▶ **PROBLEM DESCRIPTION**:
Using only the entries below, copy exactly the lines that begin at the one with "Larger competition style" and end at the one with "Yukarışeyhler - Bayrambaşı", both included. Drop the pictures.

▶ **DATA EXTRACT**:

━━━━

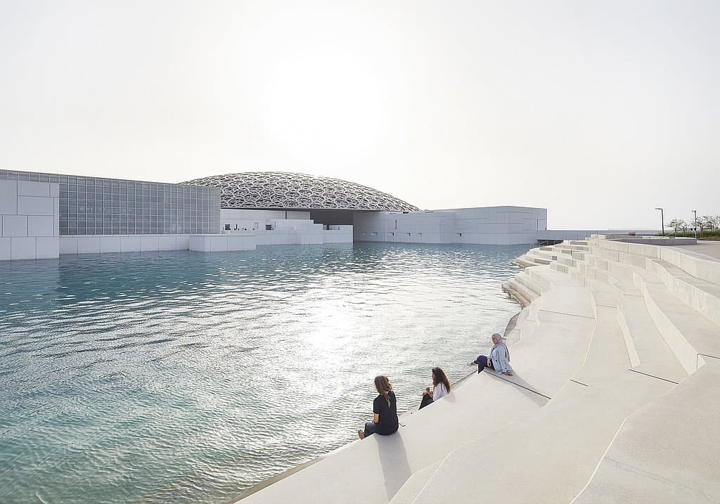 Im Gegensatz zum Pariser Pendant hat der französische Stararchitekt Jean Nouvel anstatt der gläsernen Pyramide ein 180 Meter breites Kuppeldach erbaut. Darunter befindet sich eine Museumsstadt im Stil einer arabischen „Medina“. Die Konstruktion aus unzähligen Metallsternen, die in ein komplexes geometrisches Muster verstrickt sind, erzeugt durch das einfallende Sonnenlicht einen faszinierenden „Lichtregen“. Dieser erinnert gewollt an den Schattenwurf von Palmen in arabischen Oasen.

━━━━

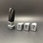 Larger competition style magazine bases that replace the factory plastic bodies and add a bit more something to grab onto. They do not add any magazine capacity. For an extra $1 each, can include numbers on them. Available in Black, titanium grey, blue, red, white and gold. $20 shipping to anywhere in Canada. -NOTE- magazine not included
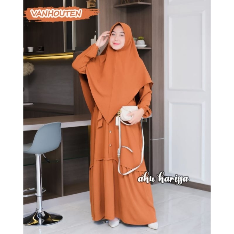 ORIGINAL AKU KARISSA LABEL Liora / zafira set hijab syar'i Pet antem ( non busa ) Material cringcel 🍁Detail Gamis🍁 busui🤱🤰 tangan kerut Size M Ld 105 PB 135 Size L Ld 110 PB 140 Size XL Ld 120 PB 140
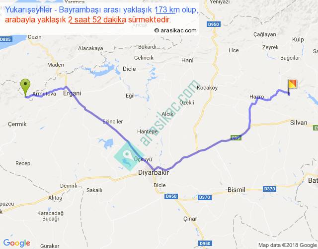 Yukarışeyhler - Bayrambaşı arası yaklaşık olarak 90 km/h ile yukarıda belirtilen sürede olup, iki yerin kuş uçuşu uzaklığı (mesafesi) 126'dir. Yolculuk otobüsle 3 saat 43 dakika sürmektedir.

━━━━

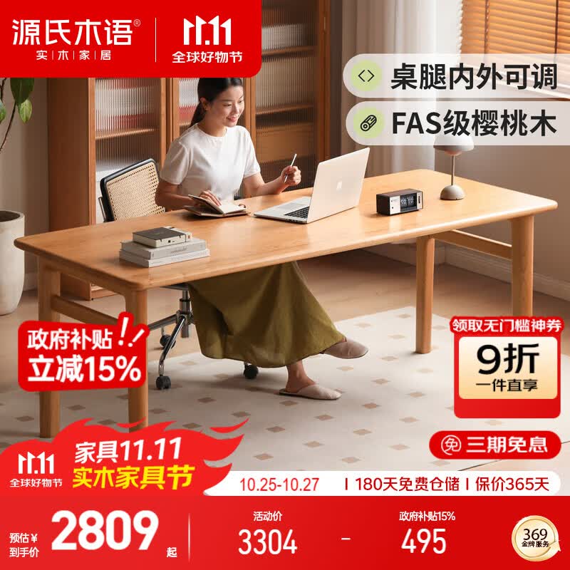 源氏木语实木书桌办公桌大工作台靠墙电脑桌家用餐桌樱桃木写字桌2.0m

━━━━

▶ **EXERCISE RESULT**:
 Larger competition style magazine bases that replace the factory plastic bodies and add a bit more something to grab onto. They do not add any magazine capacity. For an extra $1 each, can include numbers on them. Available in Black, titanium grey, blue, red, white and gold. $20 shipping to anywhere in Canada. -NOTE- magazine not included
 ORIGINAL AKU KARISSA LABEL Liora / zafira set hijab syar'i Pet antem ( non busa ) Material cringcel 🍁Detail Gamis🍁 busui🤱🤰 tangan kerut Size M Ld 105 PB 135 Size L Ld 110 PB 140 Size XL Ld 120 PB 140
 Yukarışeyhler - Bayrambaşı arası yaklaşık olarak 90 km/h ile yukarıda belirtilen sürede olup, iki yerin kuş uçuşu uzaklığı (mesafesi) 126'dir. Yolculuk otobüsle 3 saat 43 dakika sürmektedir.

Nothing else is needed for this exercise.